Suppose instead we take an even number $2k$ of consecutive integers, with median being the average of $m$ and $m+1$ . Then $k(2m+1)=345$ with $k\le m$ . Looking again at the factors of $345$ , the possible values of $k$ are $1,3,5$ with medians $(172,173),(57,58),(34,35)$ respectively.

Thus the answer is $\textbf{(E) }7$ .

Solution 2

We need to find consecutive numbers (an arithmetic sequence that increases by $1$ ) that sums to $345$ . This calls for the sum of an arithmetic sequence given that the first term is $k$ , the last term is $g$ and with $n$ elements, which is: $美国数学竞赛amc网站$ .
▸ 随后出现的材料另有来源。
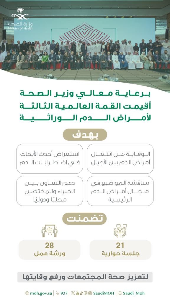 رعي معالي وزير الصحة الأستاذ فهد بن عبدالرحمن الجلاجل مؤتمر القمة العالمية لأمراض الدم الوراثية، الذي استضافته الرياض، بحضور ومشاركة 400 من المختصين والخبراء والباحثين ومقدمي الرعاية الصحية والمنظمات والاتحادات في الداخل والخارج، لبحث ومناقشة واستعراض أحدث المستجدات في مجال أمراض الدم، ضمن إطار جهود الوزارة محلياً وعالمياً للوقاية من الأمراض الوراثية والحد منها.
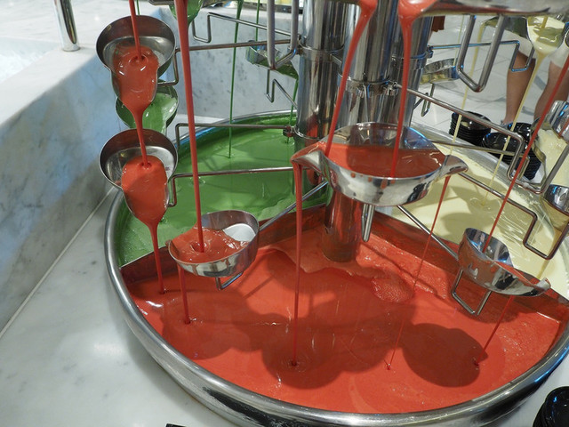 巨大なツリーは、チョコファウンテン。クリスマスカラー3色のチョコレート、フルーツやマシュマロに絡めて楽しみます。子供だけでなく大人まで笑顔でチョコレートの流れを受ける姿はとても微笑ましく見えました。美味しいものを見ると、みな笑顔になるのですね。

So, since it is a sequence of $n$ consecutive numbers starting at $k$ and ending at $k+n-1$ . We can now substitute $g$ with $k+n-1$ . Now we substiute our new value of $g$ into $\frac {n*(k+g)}{2}$ to get that the sum is $\frac {n*(k+k+n-1)}{2} = 345$ .

This simplifies to $\frac {n*(2k+n-1)}{2} = 345$ . This gives a nice equation. We multiply out the 2 to get that $n*(2k+n-1)=690$ . This leaves us with 2 integers that multiplies to $690$ which leads us to think of factors of $690$ . We know the factors of $690$ are: $1,2,3,5,6,10,15,23,30,46,69,115,138,230,345,690$ . So through inspection (checking), we see that only $2,3,5,6,10,15$ and $23$ work. This gives us the answer of $\textbf{(E) }7$ ways.